Does simply connected implies locally pathwise-connected? I am currently studying a little bit of covering spaces theory and I have a question. 
Does simply connected implies locally pathwise-connected? I ask this because the lifting criterion states that a continuous map $f:Y\to X$, where $Y$ is connected and locally pathwise connected, exists iff $f_*(\pi_1(Y,y_0))\subset p_*(\pi_1(E,e_0))$. Now, I am trying to figure out why if $Y$ is simply connected this criterion holds. I was told that I have to prove that simply connected implies locally pathwise connected. I thought that this was trivial, since a simply connected space is pathwise connected I thought that this was locally true. 
So what I am asking is:

*

*Using the lifting criterion, why if $Y$ is simply connected, the lifting exists?

*Does simply connected implies locally pathwise connected? And if it does, do you have a proof?

Also, since English is not my native language, I read both the terms locally path connected and locally pathwise connected, do these terms have the same definition or do they refers to different concepts?
Thank you for the help :)
 A: 

*

*Using the lifting criterion, why if $Y$ is simply connected, the lifting exists?
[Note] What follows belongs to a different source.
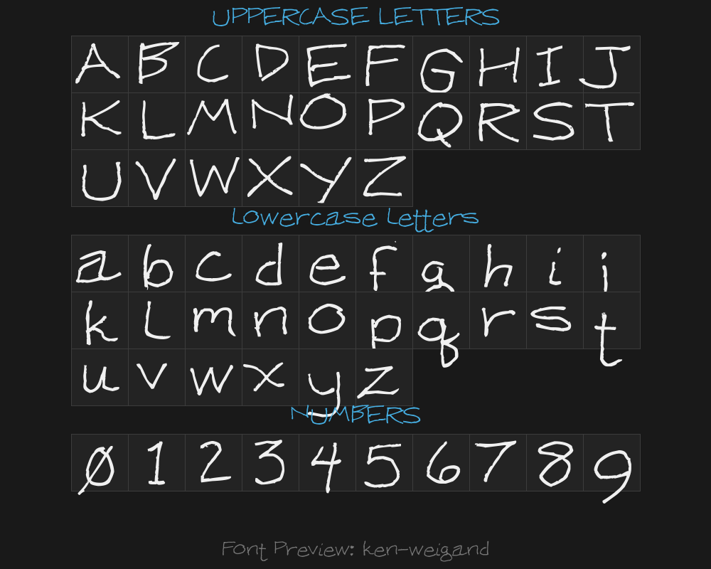 ken-weigand is a font file with a size of 0.03 MB. The full font name is Ken Weigand, Version 1.00 September 1, 2013, initial release, www.yourfonts.com version. It contains 128 characters, supports 8 Chinese characters. The copyright belongs to Ken Weigand. ken-weigand font is available for free download, but commercial use requires confirmation on the Ken Weigand official website whether it's free for commercial use.

This should be understood as "if $Y$ is additionally simply connected (to being locally path connected) then the lifting always exists". And that's because $\pi_1(Y)$ is trivial and thus $f_*(\pi_1(Y))\subseteq p_*(\pi_1(E))$ is always trivially satisfied.
Otherwise it is not necessarily true.



*Does simply connected implies locally pathwise connected? And if it does, do you have a proof?


No, it doesn't. Take $A=\{\frac{1}{n}\ |\ n\in\mathbb{N}\}\cup\{0\}$ and then define $X=(A\times [0,1])\cup([0,1]\times \{0\})$. Also known as the comb space. Note that $X$ is not only simply connected, but even contractible. However it is not locally path connected.

Also, since English is not my native language, I read both the terms locally path connected and locally pathwise connected, do these terms have the same definition or do they refers to different concepts?

These are the same things. And it means that for every point $x\in X$ and every open neighbourhood $U$ of $x$ there is a path connected open neighbourhood $V$ of $x$ such that $V\subseteq U$.